__Prompt__: Could you write out, exactly as they stand, only the lines in the listing below from the line with "Imperfectio modular sofa" to the line with "Свиньи также обладают", both ends included, without the pictures?

__Material shown__:
⟨

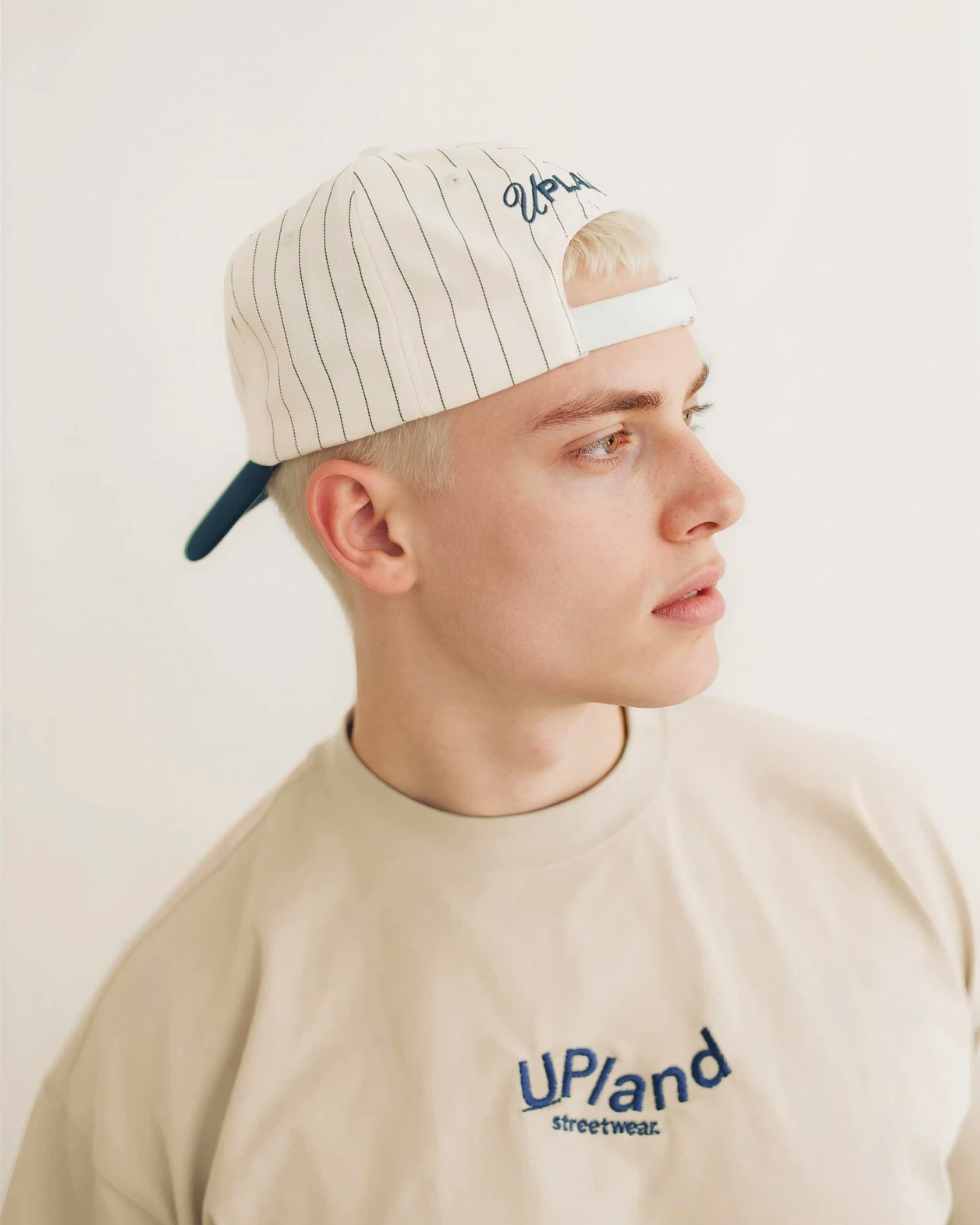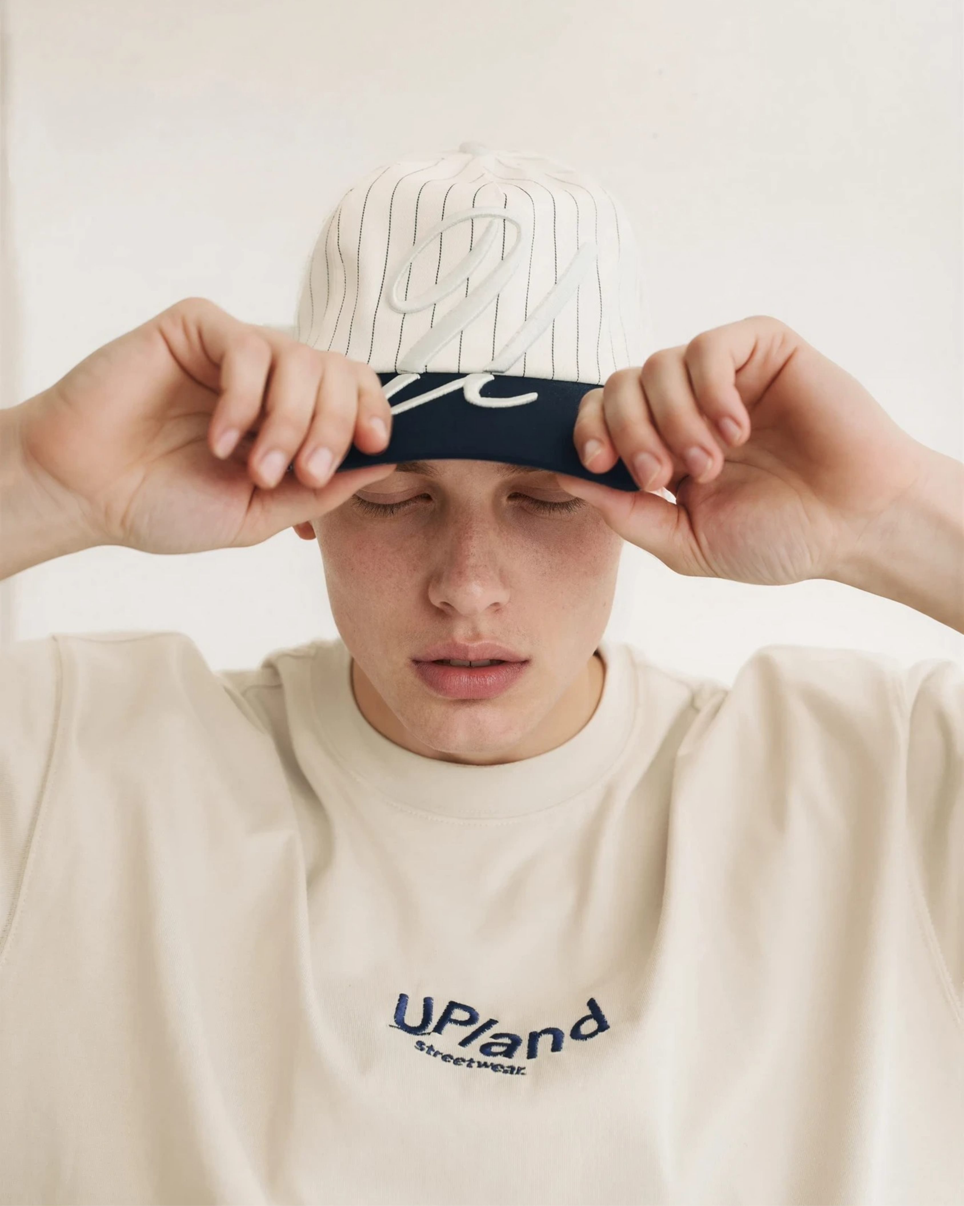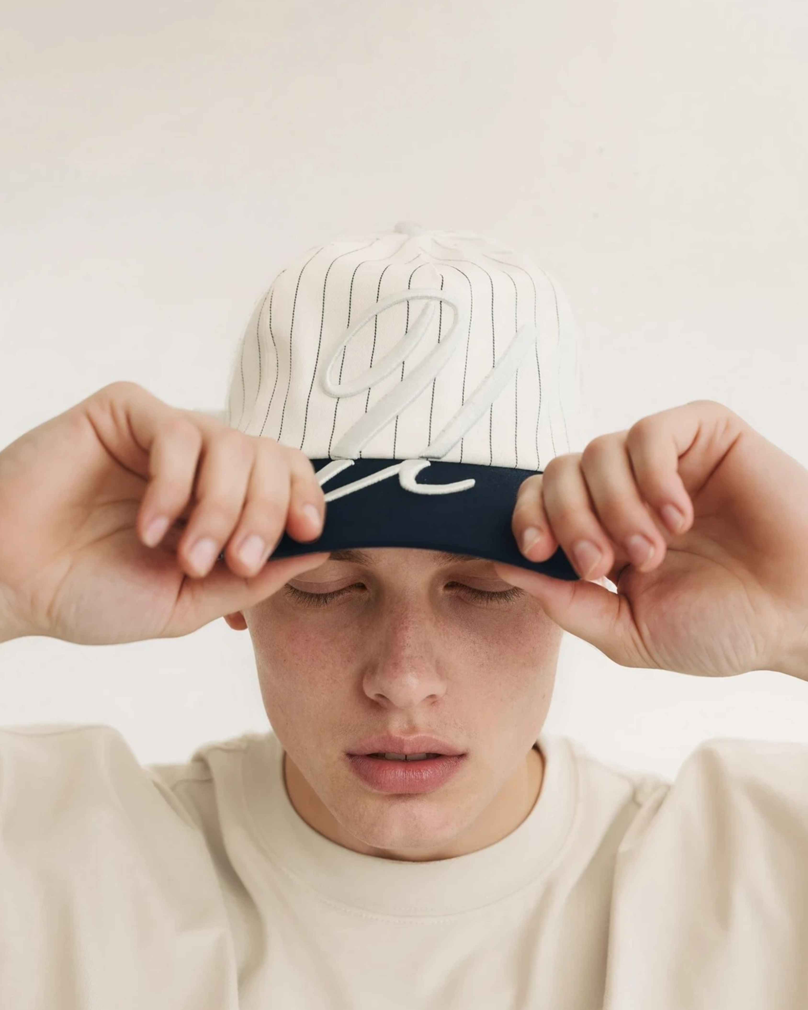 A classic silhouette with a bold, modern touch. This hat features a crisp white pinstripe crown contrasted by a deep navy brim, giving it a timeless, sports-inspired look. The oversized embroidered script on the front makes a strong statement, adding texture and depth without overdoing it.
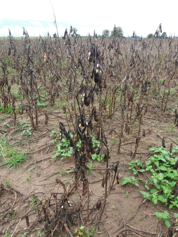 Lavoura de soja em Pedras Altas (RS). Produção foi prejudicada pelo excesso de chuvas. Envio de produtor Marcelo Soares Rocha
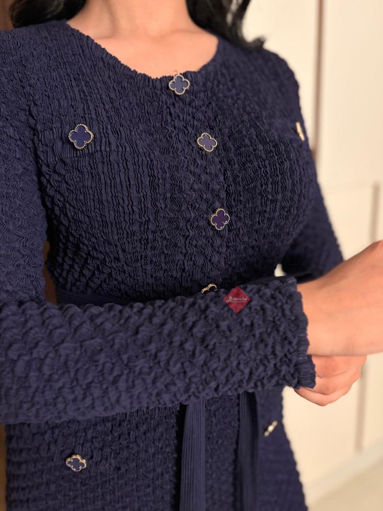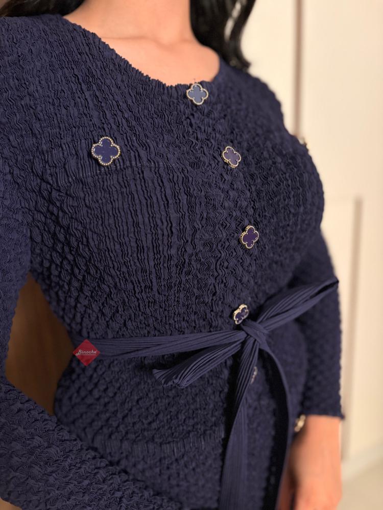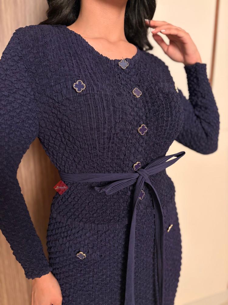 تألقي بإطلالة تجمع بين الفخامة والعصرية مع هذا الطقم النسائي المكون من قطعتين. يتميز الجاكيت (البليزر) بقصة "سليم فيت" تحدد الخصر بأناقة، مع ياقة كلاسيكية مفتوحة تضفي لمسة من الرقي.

⟩
⟨

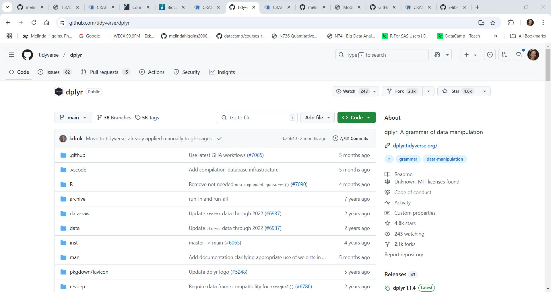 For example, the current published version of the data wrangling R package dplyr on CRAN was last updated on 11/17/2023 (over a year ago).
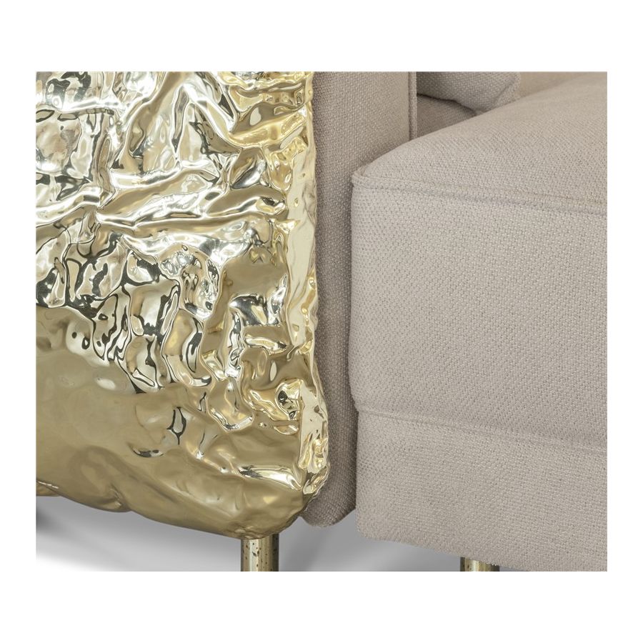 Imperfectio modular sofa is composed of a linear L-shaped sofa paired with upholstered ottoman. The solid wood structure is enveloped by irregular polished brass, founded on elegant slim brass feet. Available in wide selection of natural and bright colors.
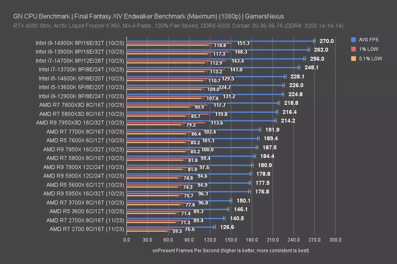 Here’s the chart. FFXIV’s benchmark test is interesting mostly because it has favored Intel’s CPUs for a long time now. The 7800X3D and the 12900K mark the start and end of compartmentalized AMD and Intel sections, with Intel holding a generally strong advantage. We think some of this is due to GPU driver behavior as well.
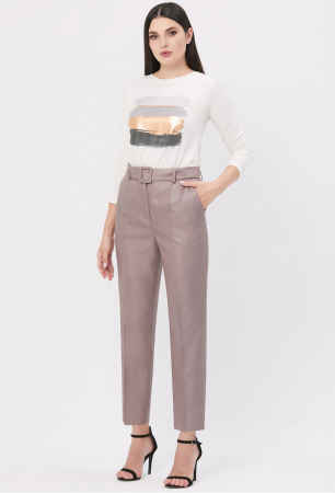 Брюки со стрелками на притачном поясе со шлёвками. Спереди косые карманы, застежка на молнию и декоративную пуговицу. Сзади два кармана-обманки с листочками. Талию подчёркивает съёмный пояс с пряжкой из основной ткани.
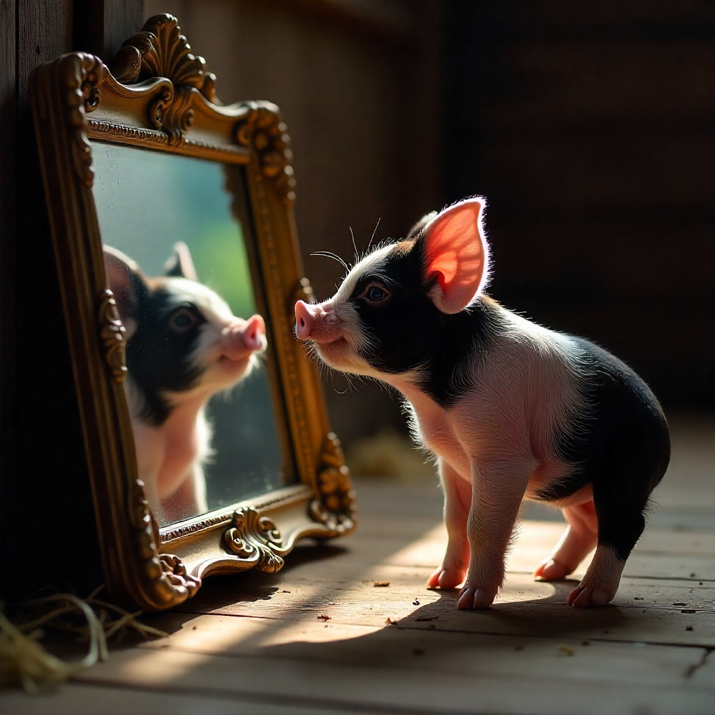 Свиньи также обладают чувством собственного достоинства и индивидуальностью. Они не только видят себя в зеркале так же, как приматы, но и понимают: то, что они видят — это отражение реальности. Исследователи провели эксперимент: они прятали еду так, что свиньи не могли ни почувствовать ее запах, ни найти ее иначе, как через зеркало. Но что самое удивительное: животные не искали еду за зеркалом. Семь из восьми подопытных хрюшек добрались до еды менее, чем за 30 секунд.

⟩

__Exercise output__:
 Imperfectio modular sofa is composed of a linear L-shaped sofa paired with upholstered ottoman. The solid wood structure is enveloped by irregular polished brass, founded on elegant slim brass feet. Available in wide selection of natural and bright colors.
 Here’s the chart. FFXIV’s benchmark test is interesting mostly because it has favored Intel’s CPUs for a long time now. The 7800X3D and the 12900K mark the start and end of compartmentalized AMD and Intel sections, with Intel holding a generally strong advantage. We think some of this is due to GPU driver behavior as well.
 Брюки со стрелками на притачном поясе со шлёвками. Спереди косые карманы, застежка на молнию и декоративную пуговицу. Сзади два кармана-обманки с листочками. Талию подчёркивает съёмный пояс с пряжкой из основной ткани.
 Свиньи также обладают чувством собственного достоинства и индивидуальностью. Они не только видят себя в зеркале так же, как приматы, но и понимают: то, что они видят — это отражение реальности. Исследователи провели эксперимент: они прятали еду так, что свиньи не могли ни почувствовать ее запах, ни найти ее иначе, как через зеркало. Но что самое удивительное: животные не искали еду за зеркалом. Семь из восьми подопытных хрюшек добрались до еды менее, чем за 30 секунд.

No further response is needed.